Please set down each record exactly as it appears, but leave out any pictures.

=== Begin Enclosure ===

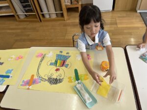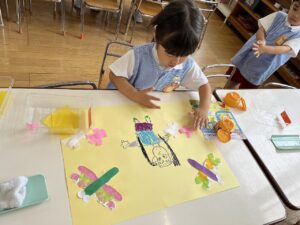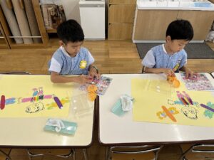 制作では、「秋の絵」でトンボとコスモスを作りました。子どもたちがそれぞれ考えたトンボは、色とりどりで特別なトンボになりました。
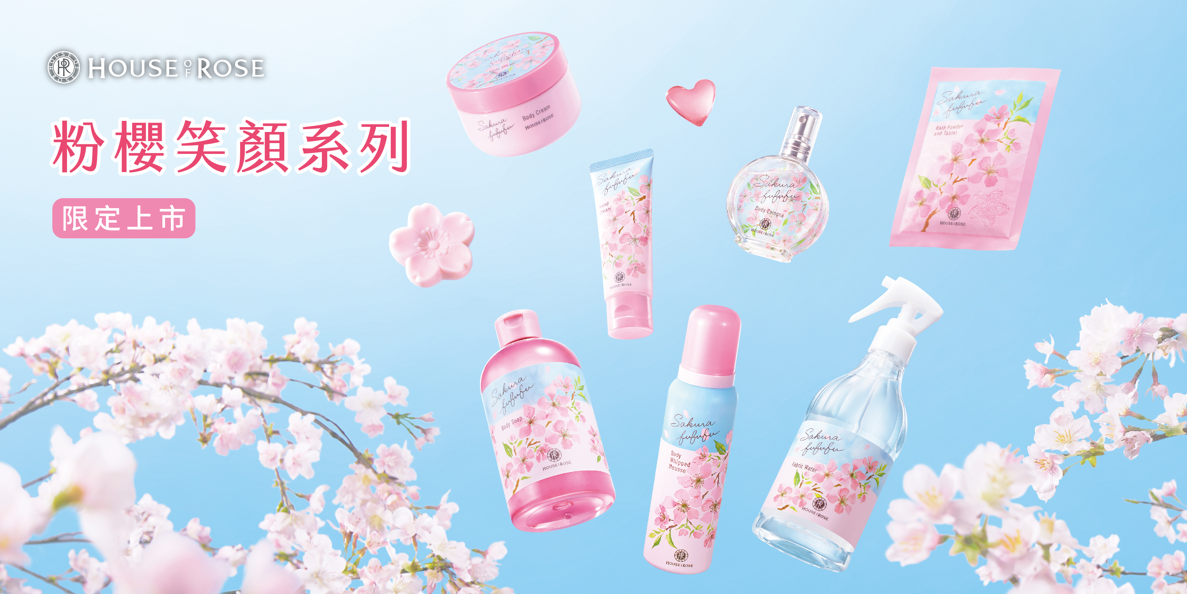 天然保養品牌House of Rose限定的粉櫻笑顏系列,結合了櫻花香甜的氣味和保濕萃取,為粉嫩肌膚帶來充分保濕和亮麗,感受春日舒適清新的溫柔愜意。
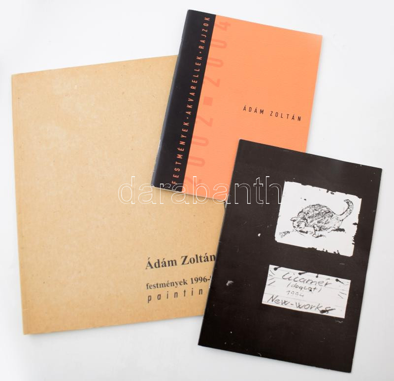Ádám Zoltán (1959-2022) festőművész munkáit bemutató 3 db katalógus: Festmények 1996-1998 + festmények, akvarellek, rajzok 2002-2004. + Cicamunkák. New works 1994. Kiadói papírkötés.
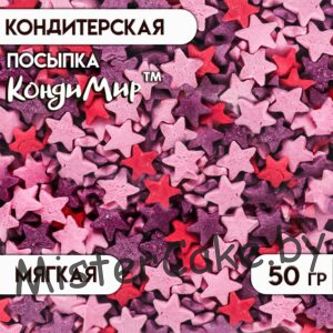 Новогодняя посыпка кондитерская Звездочки (красные, розовые, фиолетовые), 50 г
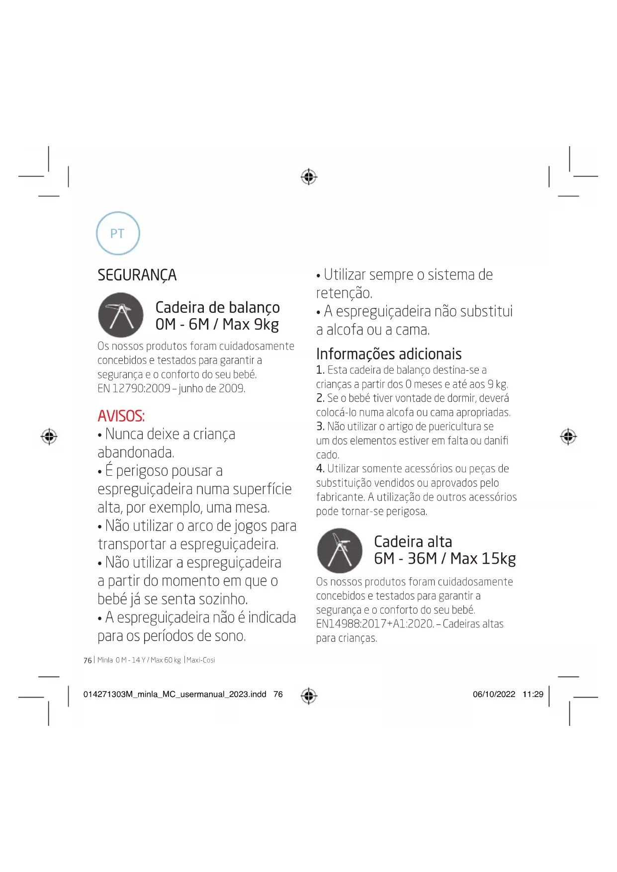 Maxi-Cosi SEGURANÇA Cadeira de balanço 0M - 6M / Max 9kg Os nossos produtos foram cuidadosamente concebidos e testados para garantir a segurança e o conforto do seu bebé. EN 12790:2009 – junho de 2009. AVISOS:
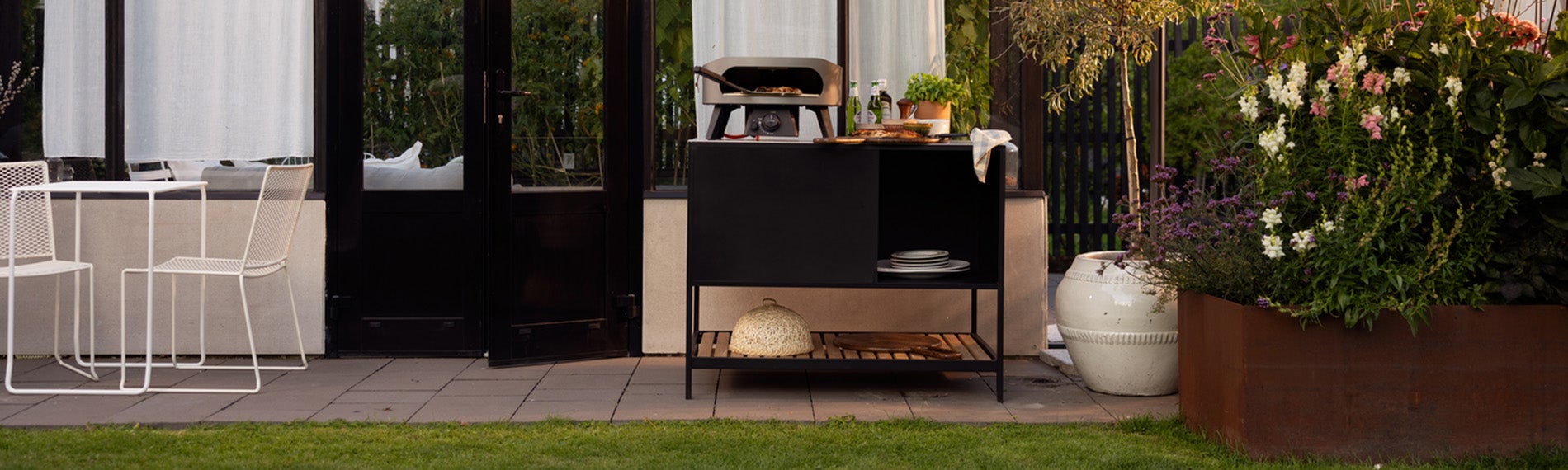 Créé pour la pizza. Prêt pour plus. Prep est la cuisine extérieure idéale pour les fours à pizza et la cuisine en plein air. Le plan de travail généreux est en aluminium brossé, résistant aux rayures et facile à nettoyer. Des détails intelligents comme un espace pour la bouteille de gaz et une étagère pratique en dessous rendent Prep à la fois fonctionnel et élégant.

=== End Enclosure ===

**The completed task:**
 制作では、「秋の絵」でトンボとコスモスを作りました。子どもたちがそれぞれ考えたトンボは、色とりどりで特別なトンボになりました。
 天然保養品牌House of Rose限定的粉櫻笑顏系列,結合了櫻花香甜的氣味和保濕萃取,為粉嫩肌膚帶來充分保濕和亮麗,感受春日舒適清新的溫柔愜意。
Ádám Zoltán (1959-2022) festőművész munkáit bemutató 3 db katalógus: Festmények 1996-1998 + festmények, akvarellek, rajzok 2002-2004. + Cicamunkák. New works 1994. Kiadói papírkötés.
 Новогодняя посыпка кондитерская Звездочки (красные, розовые, фиолетовые), 50 г
 Maxi-Cosi SEGURANÇA Cadeira de balanço 0M - 6M / Max 9kg Os nossos produtos foram cuidadosamente concebidos e testados para garantir a segurança e o conforto do seu bebé. EN 12790:2009 – junho de 2009. AVISOS:
 Créé pour la pizza. Prêt pour plus. Prep est la cuisine extérieure idéale pour les fours à pizza et la cuisine en plein air. Le plan de travail généreux est en aluminium brossé, résistant aux rayures et facile à nettoyer. Des détails intelligents comme un espace pour la bouteille de gaz et une étagère pratique en dessous rendent Prep à la fois fonctionnel et élégant.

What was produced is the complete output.